Information:
• • • • •

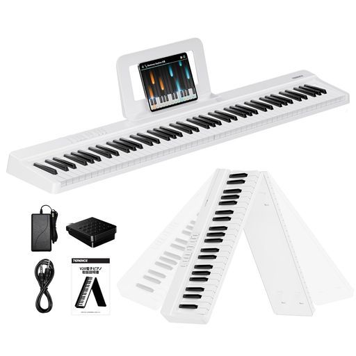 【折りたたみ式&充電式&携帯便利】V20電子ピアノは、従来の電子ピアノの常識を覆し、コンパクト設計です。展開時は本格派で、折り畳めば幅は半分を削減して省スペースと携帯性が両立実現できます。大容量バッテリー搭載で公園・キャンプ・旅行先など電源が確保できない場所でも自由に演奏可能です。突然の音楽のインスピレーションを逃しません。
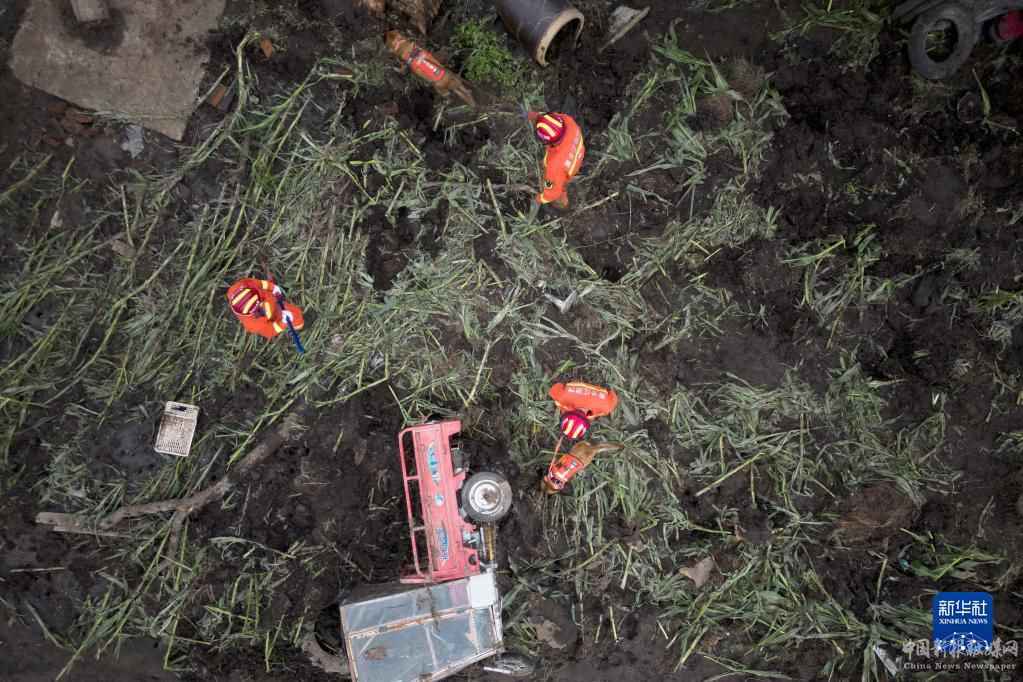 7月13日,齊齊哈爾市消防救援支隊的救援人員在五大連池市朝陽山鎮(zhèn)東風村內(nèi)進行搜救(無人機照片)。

• • • • •

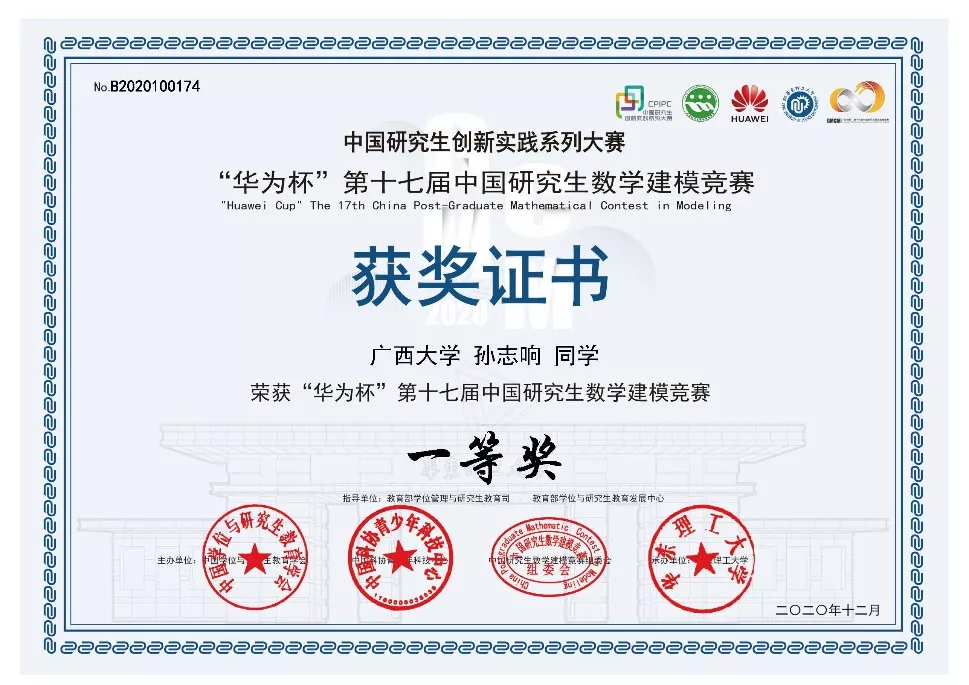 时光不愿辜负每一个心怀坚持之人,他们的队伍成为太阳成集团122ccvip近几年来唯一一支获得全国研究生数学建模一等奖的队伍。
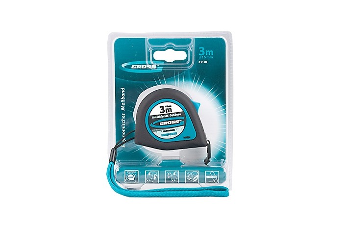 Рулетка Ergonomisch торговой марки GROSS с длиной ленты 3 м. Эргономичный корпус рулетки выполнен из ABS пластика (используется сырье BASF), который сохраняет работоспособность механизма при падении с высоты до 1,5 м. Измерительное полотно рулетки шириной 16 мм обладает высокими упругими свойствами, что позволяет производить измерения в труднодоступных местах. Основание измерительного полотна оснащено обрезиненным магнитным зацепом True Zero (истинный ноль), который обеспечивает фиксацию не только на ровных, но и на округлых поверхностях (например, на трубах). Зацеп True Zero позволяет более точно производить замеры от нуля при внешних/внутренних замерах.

• • • • •

Task item: What is wanted is an exact copy of the lines above from the one containing "时光不愿辜负每一个心怀坚持之" through the one containing "Рулетка Ergonomisch торговой", with no pictures in it.

Solution to this problem:
 时光不愿辜负每一个心怀坚持之人,他们的队伍成为太阳成集团122ccvip近几年来唯一一支获得全国研究生数学建模一等奖的队伍。
 Рулетка Ergonomisch торговой марки GROSS с длиной ленты 3 м. Эргономичный корпус рулетки выполнен из ABS пластика (используется сырье BASF), который сохраняет работоспособность механизма при падении с высоты до 1,5 м. Измерительное полотно рулетки шириной 16 мм обладает высокими упругими свойствами, что позволяет производить измерения в труднодоступных местах. Основание измерительного полотна оснащено обрезиненным магнитным зацепом True Zero (истинный ноль), который обеспечивает фиксацию не только на ровных, но и на округлых поверхностях (например, на трубах). Зацеп True Zero позволяет более точно производить замеры от нуля при внешних/внутренних замерах.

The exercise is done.